| What you should do |
Word for word, please copy the listing below, with its pictures left out.
┌──
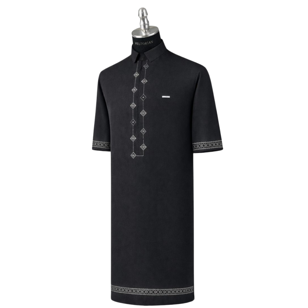 First, the structure sets the tone. The Arcseal features a clean, elongated cut that drapes with intention. The tailored shoulder line and structured fold collar create a composed profile, while the straight fall of the garment reinforces confidence and balance. As a result, the kaftan maintains its form throughout the day without sacrificing comfort.
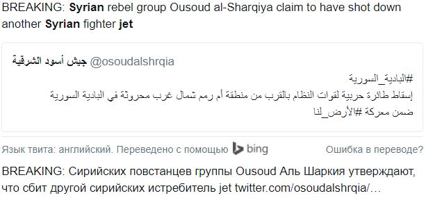 Во вторник проамериканские группировки «Осод Аль-Шаркия» и «Ахмад Абдо» заявили, что им якобы удалось сбить истребитель ВВС Сирии в регионе Бадия на юге САР. При этом никаких фотографий и видео обнародовано не было.
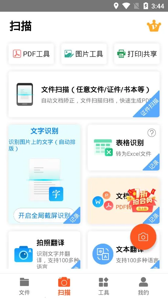 PDF扫描王安卓版是一款功能强大的扫描软件,支持多种语言识别,能快速扫描文件、图片等提取文字,具备智能识别、扫描翻译、自动排版等功能,还集成多种PDF和图片工具,满足多样扫描需求。
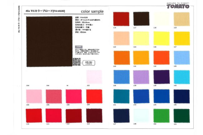 【サンプル帳】45s T/Cカラーブロード[F4-t4100smp]
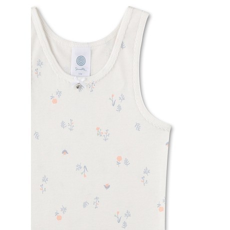 Молочная майка Sanetta – это идеальный выбор для девочек! Изготовленная из 100% хлопка, она украшена нежным цветочным принтом в виде маленьких розовых и голубых цветочков на молочном фоне. Мягкая и приятная на ощупь ткань создает комфорт и уют для вашего ребенка. На фото видна аккуратная белая окантовка по краю и удобная круглая горловина. Качество от бренда из Германии и внимание к деталям делают эту майку отличным выбором для вашего девочки!
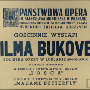 12.05.1957–18.05.1957Afisz gościnnych występów solistki z Opery w Lublanie Vilmy Bukovec w spektaklach operowych Tosca i Madame Butterfly Giacoma Pucciniego
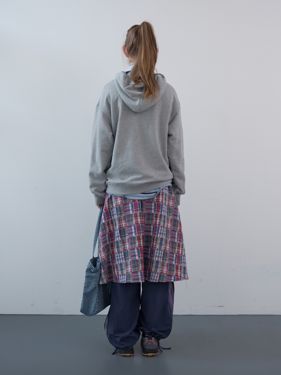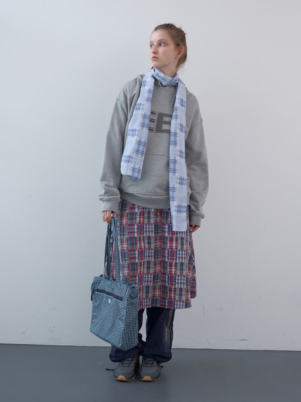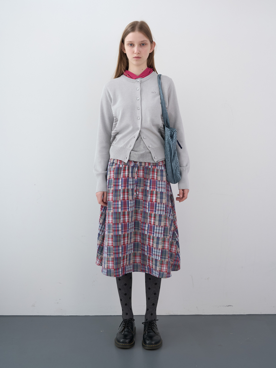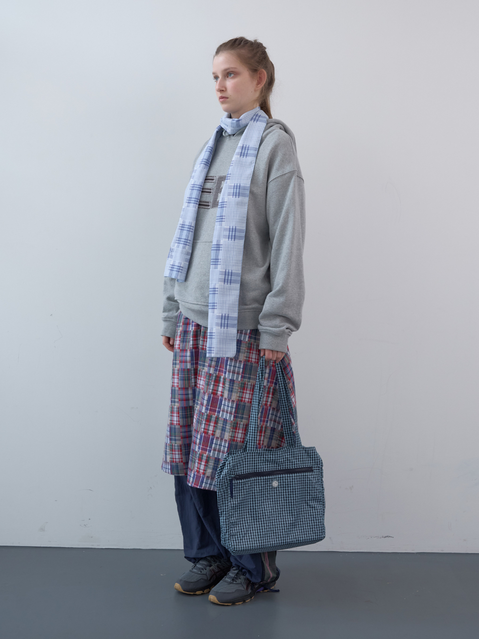 스탬프 패치 체크 숄더백 (Sky)
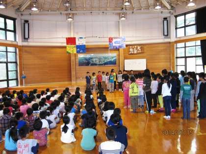 カニとたわむれた後は,朝の集いです。一緒に生活する桂川小学校の子どもたちと,お互いに学校紹介をします。どちらの子どもたちも,しっかりと話をすることができました。
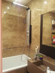• Раздельный санузел в итальянской плитке, отделка искусственным мрамором и аксессуары.
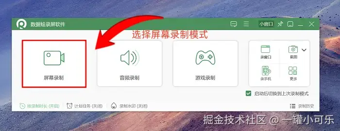步骤1:打开数据 蛙录屏软件,首页面会展示多种录制模式,有屏幕录制、音频录制、游戏录制等。我们可以根据实际需求选取,这里以 “屏幕录制” 功能为例进行操作演示。
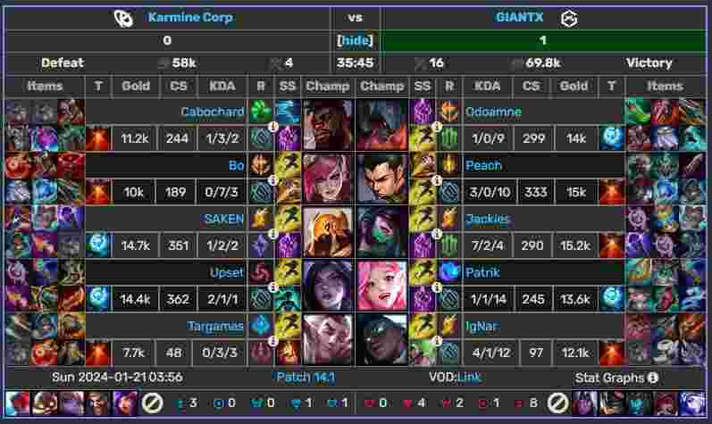 1月22日凌晨,2024LEC冬季赛第二周第二日的比赛,KC不敌VIT遭遇五连败,因假赛裹挟而被LPL永久禁赛的Bo使用莉莉娅打出3-5-7的全场数据。
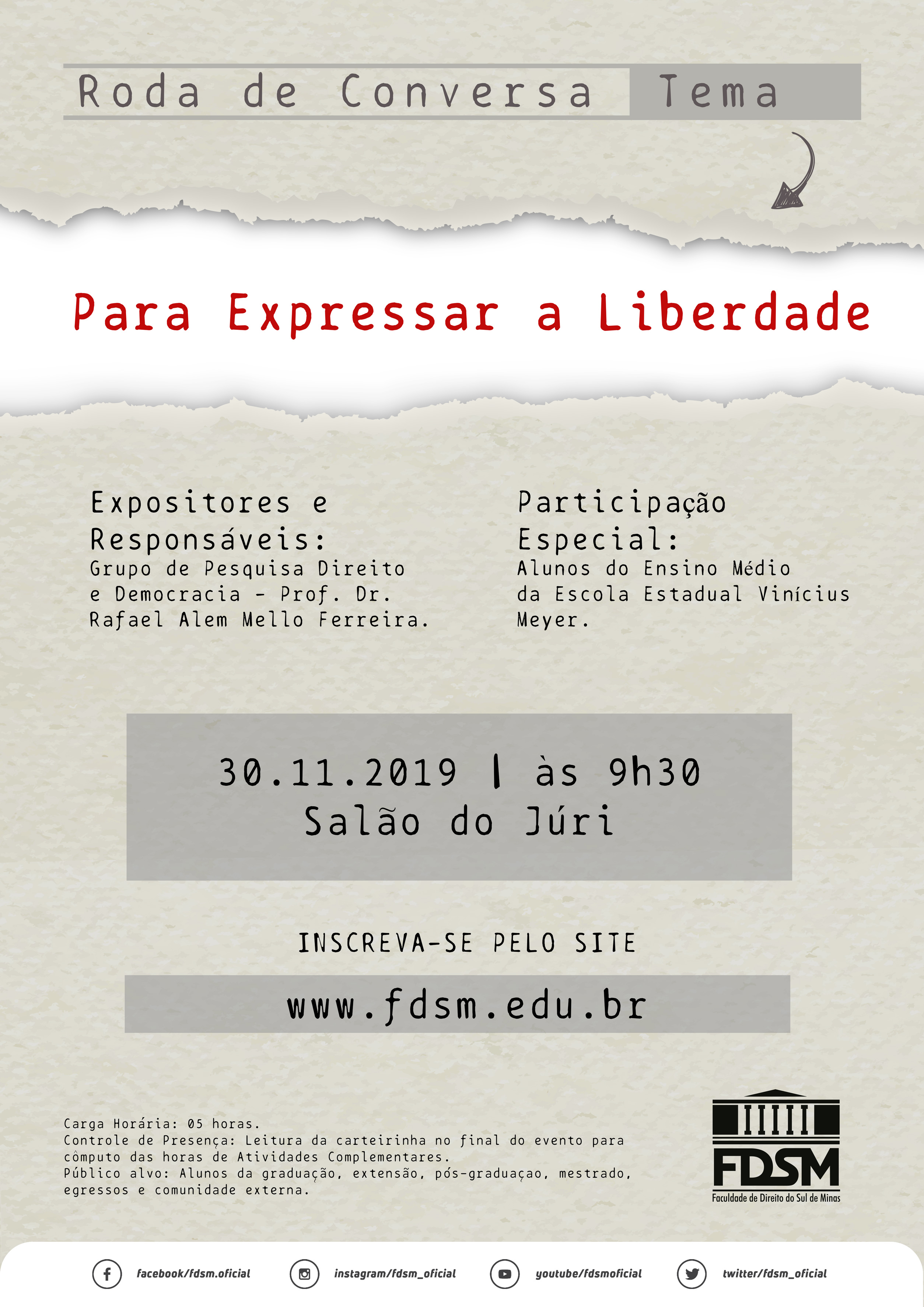 Inscrições abertas para a Roda de Conversa com o tema "Para Expressar a Liberdade" sob a coordenação do Grupo de Pesquisa Direito e Democracia, cujo Pesquisador-Líder é o Professor Doutor Rafael Alem Mello Ferreira.
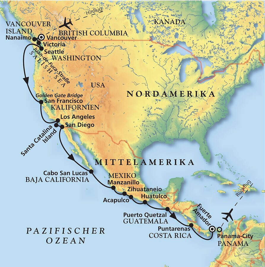 Freuen Sie sich auf eine unvergessliche Nordamerika-Kreuzfahrt mit MS Artania und entdecken Sie die faszinierende Vielfalt zwischen Kanada, den USA und Mittelamerika. Ihre Traumreise beginnt im weltoffenen Vancouver und führt entlang der spektakulären westkanadischen und amerikanischen Pazifikküste. Freuen Sie sich auf legendäre Metropolen, sonnenverwöhnte Küsten und exotische Hafenstädte. Diese Kreuzfahrt entlang der US-Westküste und Mittelamerikas verbindet Natur, Kultur und Großstadtflair zu einem außergewöhnlichen Reiseerlebnis. Ideal für Genießer, Entdecker und alle, die Nordamerika vom Meer aus erleben möchten. Zu den absoluten Höhepunkten zählen das kreative San Francisco mit der berühmten Golden Gate Bridge und das glamouröse Los Angeles, Heimat von Hollywood und endlosen Stränden. Seattle begeistert mit maritimem Charme und moderner Kultur, während San Diego mit entspanntem Lebensgefühl und mildem Klima punktet. In Acapulco erleben Sie mexikanisches Temperament und beeindruckende Küstenlandschaften. Exotische Natur und kulturelle Vielfalt erwarten Sie in Costa Rica und Guatemala, bevor Ihre Reise im panamaischen Fuerte Amador einen krönenden Abschluss findet. Bei dieser Nordamerikakreuzfahrt sind übrigens die Flüge ab und an Frankfurt bereits inklusive.
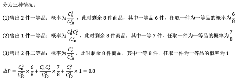 设商店有某商品10件,其中一等品8件,二等品2件,售出2件后,从剩下的8件中任取一件,求取得一等品的概率 作者:高老师 时间:2024-07-28 浏览 2 设商店有某商品10件,其中一等品8件,二等品2件,售出2件后,从剩下的8件中任取一件,求取得一等品的概率【正确答案】:【题目解析】: 📱 扫码体验刷题小程序 扫一扫使用我们的微信小程序
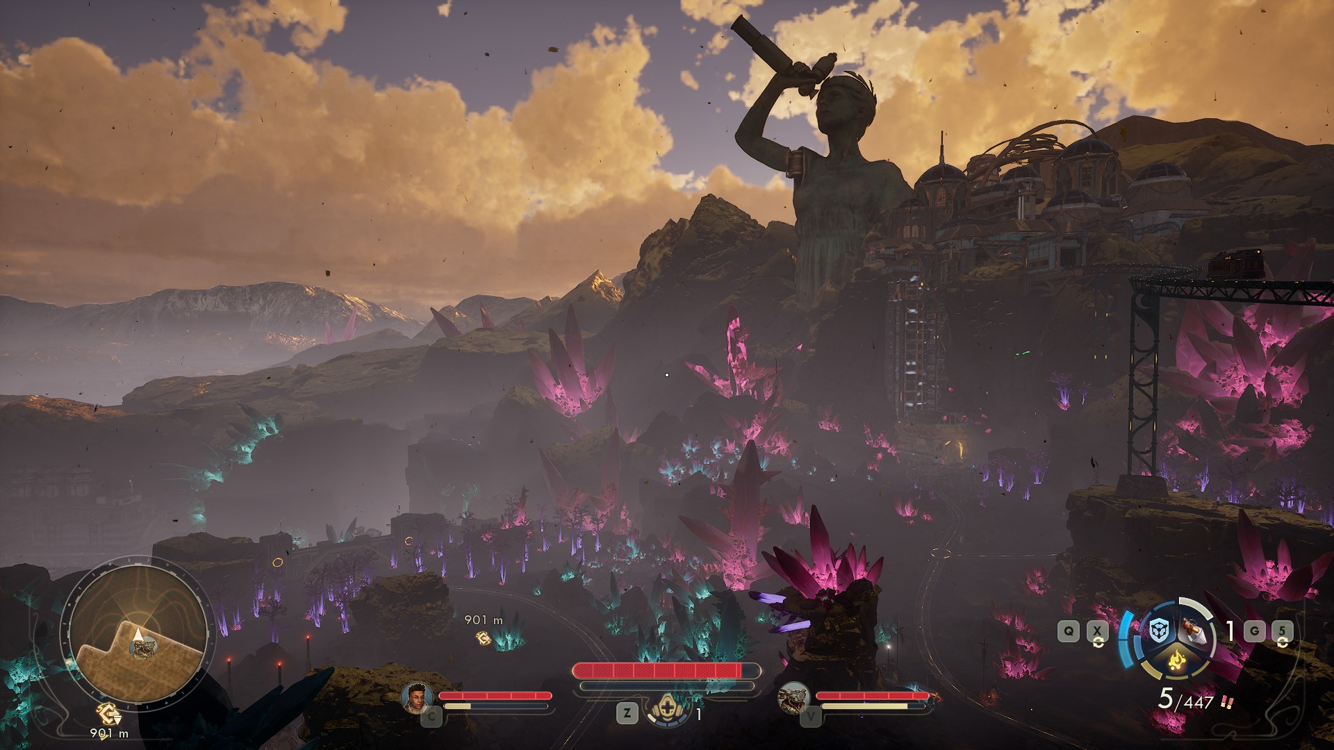 Die größte Stärke des Gameplays von The Outer Worlds 2 liegt in seiner Vielfältigkeit. Möchtest du als aufrichtiger und ehrbarer Erd-Direktoriats Mitarbeiter durch die Welt gehen? Kein Problem. Vielleicht als egoistischer Lügenbaron oder neunmalkluger Besserwisser? Auch diese Möglichkeit wird von Obsidian gegeben. Für besonders Abenteuerlustige gibt es auch die Option als sozial inkompetenter Dummkopf durch die Welt zu schlendern. Die Entwickler geben dem Spieler eine schier endlose Anzahl von Rollenspielmöglichkeiten, die Ihresgleichen sucht. Egal welchen Weg man geht, man hat stets das Gefühl, dass die eigenen Entscheidungen die Spielwelt enorm beeinflussen. Dies macht die Wahl der Dialogoptionen umso schwerer und interessanter.
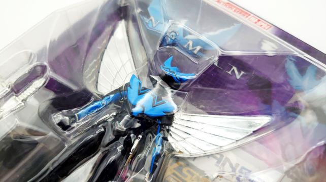鮮やかで爽やかなブルーと、メタリックシルバーの塗装が採用されており、光を受けて美しく輝きます。特に胸元の「ウィング」のエンブレムやスーツのラインの細かい部分まで丁寧に塗り分けられており、製品のクオリティは高いです。ブリスターパックの外側から適当なこと言ってて、すいません。
└──
| Response area |
 First, the structure sets the tone. The Arcseal features a clean, elongated cut that drapes with intention. The tailored shoulder line and structured fold collar create a composed profile, while the straight fall of the garment reinforces confidence and balance. As a result, the kaftan maintains its form throughout the day without sacrificing comfort.
 Во вторник проамериканские группировки «Осод Аль-Шаркия» и «Ахмад Абдо» заявили, что им якобы удалось сбить истребитель ВВС Сирии в регионе Бадия на юге САР. При этом никаких фотографий и видео обнародовано не было.
 PDF扫描王安卓版是一款功能强大的扫描软件,支持多种语言识别,能快速扫描文件、图片等提取文字,具备智能识别、扫描翻译、自动排版等功能,还集成多种PDF和图片工具,满足多样扫描需求。
 【サンプル帳】45s T/Cカラーブロード[F4-t4100smp]
 Молочная майка Sanetta – это идеальный выбор для девочек! Изготовленная из 100% хлопка, она украшена нежным цветочным принтом в виде маленьких розовых и голубых цветочков на молочном фоне. Мягкая и приятная на ощупь ткань создает комфорт и уют для вашего ребенка. На фото видна аккуратная белая окантовка по краю и удобная круглая горловина. Качество от бренда из Германии и внимание к деталям делают эту майку отличным выбором для вашего девочки!
 12.05.1957–18.05.1957Afisz gościnnych występów solistki z Opery w Lublanie Vilmy Bukovec w spektaklach operowych Tosca i Madame Butterfly Giacoma Pucciniego
 스탬프 패치 체크 숄더백 (Sky)
 カニとたわむれた後は,朝の集いです。一緒に生活する桂川小学校の子どもたちと,お互いに学校紹介をします。どちらの子どもたちも,しっかりと話をすることができました。
• Раздельный санузел в итальянской плитке, отделка искусственным мрамором и аксессуары.
步骤1:打开数据 蛙录屏软件,首页面会展示多种录制模式,有屏幕录制、音频录制、游戏录制等。我们可以根据实际需求选取,这里以 “屏幕录制” 功能为例进行操作演示。
 1月22日凌晨,2024LEC冬季赛第二周第二日的比赛,KC不敌VIT遭遇五连败,因假赛裹挟而被LPL永久禁赛的Bo使用莉莉娅打出3-5-7的全场数据。
 Inscrições abertas para a Roda de Conversa com o tema "Para Expressar a Liberdade" sob a coordenação do Grupo de Pesquisa Direito e Democracia, cujo Pesquisador-Líder é o Professor Doutor Rafael Alem Mello Ferreira.
 Freuen Sie sich auf eine unvergessliche Nordamerika-Kreuzfahrt mit MS Artania und entdecken Sie die faszinierende Vielfalt zwischen Kanada, den USA und Mittelamerika. Ihre Traumreise beginnt im weltoffenen Vancouver und führt entlang der spektakulären westkanadischen und amerikanischen Pazifikküste. Freuen Sie sich auf legendäre Metropolen, sonnenverwöhnte Küsten und exotische Hafenstädte. Diese Kreuzfahrt entlang der US-Westküste und Mittelamerikas verbindet Natur, Kultur und Großstadtflair zu einem außergewöhnlichen Reiseerlebnis. Ideal für Genießer, Entdecker und alle, die Nordamerika vom Meer aus erleben möchten. Zu den absoluten Höhepunkten zählen das kreative San Francisco mit der berühmten Golden Gate Bridge und das glamouröse Los Angeles, Heimat von Hollywood und endlosen Stränden. Seattle begeistert mit maritimem Charme und moderner Kultur, während San Diego mit entspanntem Lebensgefühl und mildem Klima punktet. In Acapulco erleben Sie mexikanisches Temperament und beeindruckende Küstenlandschaften. Exotische Natur und kulturelle Vielfalt erwarten Sie in Costa Rica und Guatemala, bevor Ihre Reise im panamaischen Fuerte Amador einen krönenden Abschluss findet. Bei dieser Nordamerikakreuzfahrt sind übrigens die Flüge ab und an Frankfurt bereits inklusive.
 设商店有某商品10件,其中一等品8件,二等品2件,售出2件后,从剩下的8件中任取一件,求取得一等品的概率 作者:高老师 时间:2024-07-28 浏览 2 设商店有某商品10件,其中一等品8件,二等品2件,售出2件后,从剩下的8件中任取一件,求取得一等品的概率【正确答案】:【题目解析】: 📱 扫码体验刷题小程序 扫一扫使用我们的微信小程序
 Die größte Stärke des Gameplays von The Outer Worlds 2 liegt in seiner Vielfältigkeit. Möchtest du als aufrichtiger und ehrbarer Erd-Direktoriats Mitarbeiter durch die Welt gehen? Kein Problem. Vielleicht als egoistischer Lügenbaron oder neunmalkluger Besserwisser? Auch diese Möglichkeit wird von Obsidian gegeben. Für besonders Abenteuerlustige gibt es auch die Option als sozial inkompetenter Dummkopf durch die Welt zu schlendern. Die Entwickler geben dem Spieler eine schier endlose Anzahl von Rollenspielmöglichkeiten, die Ihresgleichen sucht. Egal welchen Weg man geht, man hat stets das Gefühl, dass die eigenen Entscheidungen die Spielwelt enorm beeinflussen. Dies macht die Wahl der Dialogoptionen umso schwerer und interessanter.
鮮やかで爽やかなブルーと、メタリックシルバーの塗装が採用されており、光を受けて美しく輝きます。特に胸元の「ウィング」のエンブレムやスーツのラインの細かい部分まで丁寧に塗り分けられており、製品のクオリティは高いです。ブリスターパックの外側から適当なこと言ってて、すいません。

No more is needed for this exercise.